_Action item_.
Transcribe the listing below exactly, leaving out each image.

━━━ Provided material

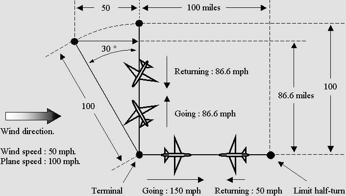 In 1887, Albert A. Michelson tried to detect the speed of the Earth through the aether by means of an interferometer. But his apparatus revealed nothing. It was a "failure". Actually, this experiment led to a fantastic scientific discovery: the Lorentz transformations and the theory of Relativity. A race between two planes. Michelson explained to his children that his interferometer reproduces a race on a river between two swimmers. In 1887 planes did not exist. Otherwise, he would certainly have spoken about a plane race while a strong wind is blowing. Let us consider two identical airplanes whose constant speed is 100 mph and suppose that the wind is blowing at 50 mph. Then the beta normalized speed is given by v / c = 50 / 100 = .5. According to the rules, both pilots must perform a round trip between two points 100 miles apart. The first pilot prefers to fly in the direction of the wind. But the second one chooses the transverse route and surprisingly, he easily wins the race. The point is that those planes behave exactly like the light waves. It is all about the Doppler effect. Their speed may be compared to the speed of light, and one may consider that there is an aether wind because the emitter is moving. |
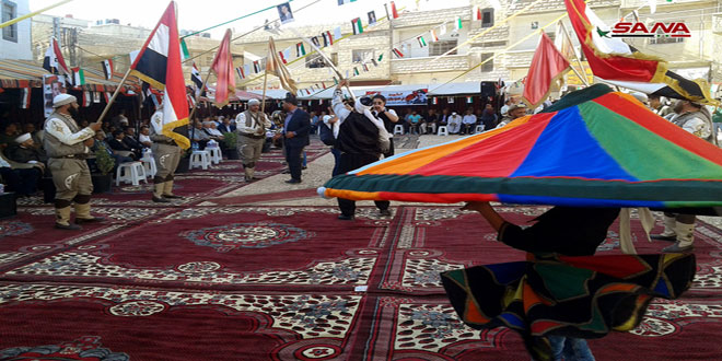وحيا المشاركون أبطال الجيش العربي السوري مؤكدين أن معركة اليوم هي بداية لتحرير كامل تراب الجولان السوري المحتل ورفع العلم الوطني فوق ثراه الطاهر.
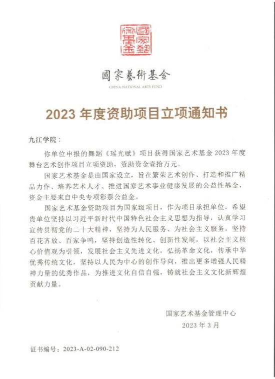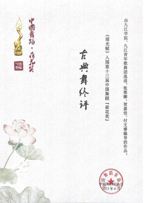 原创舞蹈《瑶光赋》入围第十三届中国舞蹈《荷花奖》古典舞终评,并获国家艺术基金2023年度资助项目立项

━━━━━━

_Problem solution_.
 In 1887, Albert A. Michelson tried to detect the speed of the Earth through the aether by means of an interferometer. But his apparatus revealed nothing. It was a "failure". Actually, this experiment led to a fantastic scientific discovery: the Lorentz transformations and the theory of Relativity. A race between two planes. Michelson explained to his children that his interferometer reproduces a race on a river between two swimmers. In 1887 planes did not exist. Otherwise, he would certainly have spoken about a plane race while a strong wind is blowing. Let us consider two identical airplanes whose constant speed is 100 mph and suppose that the wind is blowing at 50 mph. Then the beta normalized speed is given by v / c = 50 / 100 = .5. According to the rules, both pilots must perform a round trip between two points 100 miles apart. The first pilot prefers to fly in the direction of the wind. But the second one chooses the transverse route and surprisingly, he easily wins the race. The point is that those planes behave exactly like the light waves. It is all about the Doppler effect. Their speed may be compared to the speed of light, and one may consider that there is an aether wind because the emitter is moving. |
وحيا المشاركون أبطال الجيش العربي السوري مؤكدين أن معركة اليوم هي بداية لتحرير كامل تراب الجولان السوري المحتل ورفع العلم الوطني فوق ثراه الطاهر.
 原创舞蹈《瑶光赋》入围第十三届中国舞蹈《荷花奖》古典舞终评,并获国家艺术基金2023年度资助项目立项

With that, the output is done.